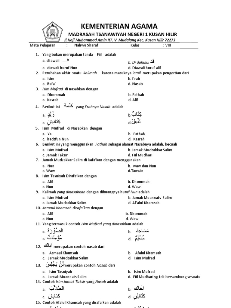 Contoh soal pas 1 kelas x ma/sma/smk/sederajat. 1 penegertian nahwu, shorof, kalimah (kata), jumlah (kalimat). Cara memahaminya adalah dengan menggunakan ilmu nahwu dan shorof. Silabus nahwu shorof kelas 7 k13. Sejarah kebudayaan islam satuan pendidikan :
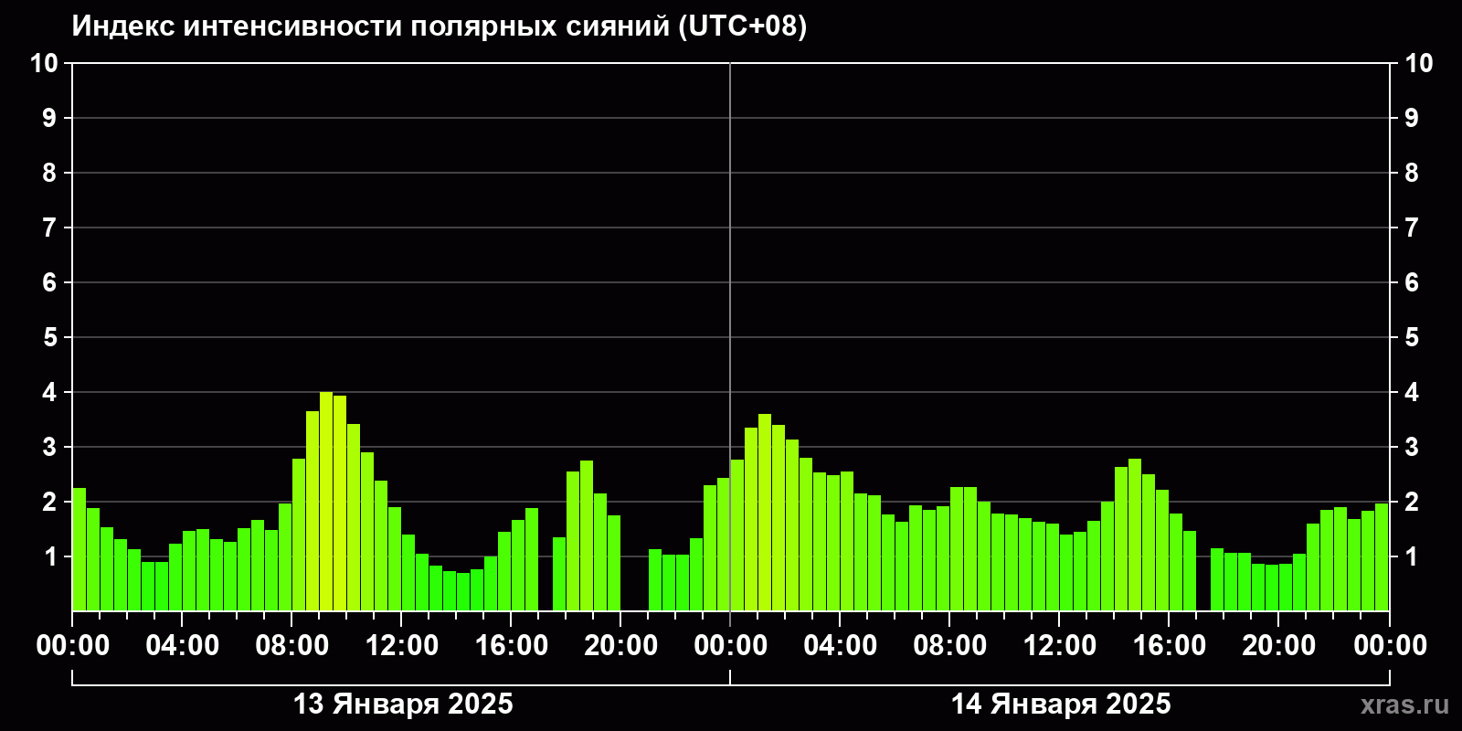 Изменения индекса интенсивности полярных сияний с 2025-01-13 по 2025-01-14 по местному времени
--
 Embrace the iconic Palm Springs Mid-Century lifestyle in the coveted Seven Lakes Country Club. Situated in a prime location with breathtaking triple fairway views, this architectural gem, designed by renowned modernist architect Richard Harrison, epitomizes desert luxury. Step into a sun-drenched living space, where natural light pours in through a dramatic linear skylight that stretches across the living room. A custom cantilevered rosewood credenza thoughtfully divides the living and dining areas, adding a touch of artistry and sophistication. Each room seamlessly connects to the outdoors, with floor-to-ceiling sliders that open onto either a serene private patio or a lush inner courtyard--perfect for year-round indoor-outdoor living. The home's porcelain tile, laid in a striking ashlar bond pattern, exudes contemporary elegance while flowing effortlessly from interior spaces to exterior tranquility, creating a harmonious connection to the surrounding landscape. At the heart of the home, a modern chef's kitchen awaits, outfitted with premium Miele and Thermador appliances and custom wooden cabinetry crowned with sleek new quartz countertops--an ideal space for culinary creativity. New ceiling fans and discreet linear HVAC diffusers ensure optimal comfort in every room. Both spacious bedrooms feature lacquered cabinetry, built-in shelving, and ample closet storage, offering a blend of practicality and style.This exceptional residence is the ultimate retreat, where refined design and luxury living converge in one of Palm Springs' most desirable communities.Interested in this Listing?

[Your task]
Working from the entries above, reproduce exactly and only the lines beginning with the line that has "Contoh soal pas" and ending with the line that has "Изменения индекса интенсивности"; omit all pictures.

[Result]
 Contoh soal pas 1 kelas x ma/sma/smk/sederajat. 1 penegertian nahwu, shorof, kalimah (kata), jumlah (kalimat). Cara memahaminya adalah dengan menggunakan ilmu nahwu dan shorof. Silabus nahwu shorof kelas 7 k13. Sejarah kebudayaan islam satuan pendidikan :
 Изменения индекса интенсивности полярных сияний с 2025-01-13 по 2025-01-14 по местному времени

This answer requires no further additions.